_Dataset content_
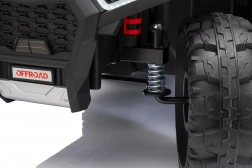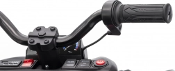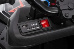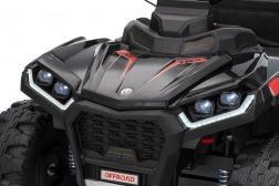Sicherheit wird durch Sicherheitsgurte und EVA-Räder für eine stabile und komfortable Fahrt gewährleistet. Das Quad verfügt außerdem über LED-Scheinwerfer und ein integriertes Audio-Panel, das einen MP3-Player, Bluetooth und einen USB-Anschluss enthält und das Hören beliebter Musik während der Fahrt ermöglicht.
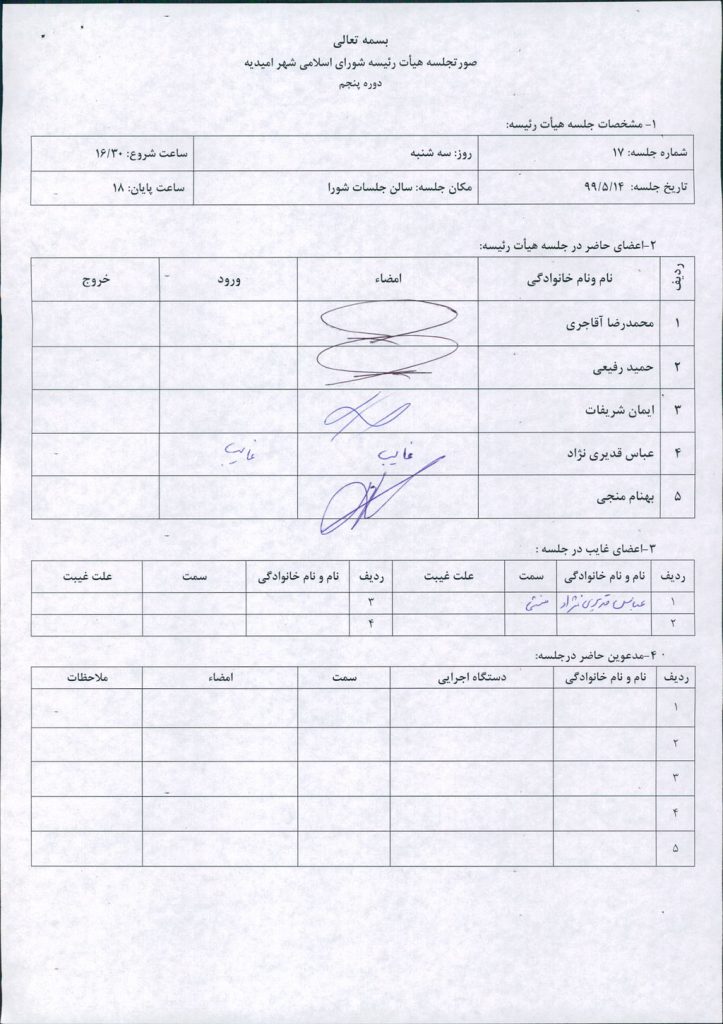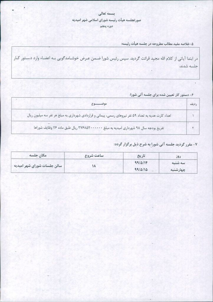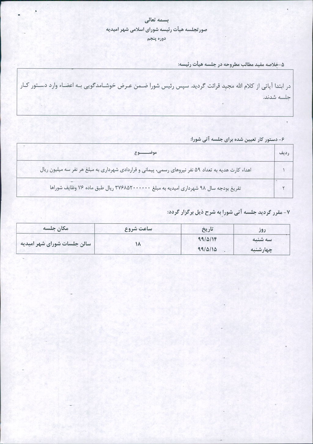 گزارش جلسه شماره ۹۴ هیئت رئیسه شورای اسلامی شهر امیدیه
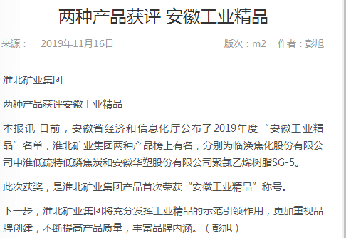 《中国煤炭报》:淮北矿业集团两种产品获评 安徽工业精品

_Work item_
Print the listing exactly, pictures excluded.

_Response for this exercise_
Sicherheit wird durch Sicherheitsgurte und EVA-Räder für eine stabile und komfortable Fahrt gewährleistet. Das Quad verfügt außerdem über LED-Scheinwerfer und ein integriertes Audio-Panel, das einen MP3-Player, Bluetooth und einen USB-Anschluss enthält und das Hören beliebter Musik während der Fahrt ermöglicht.
 گزارش جلسه شماره ۹۴ هیئت رئیسه شورای اسلامی شهر امیدیه
 《中国煤炭报》:淮北矿业集团两种产品获评 安徽工业精品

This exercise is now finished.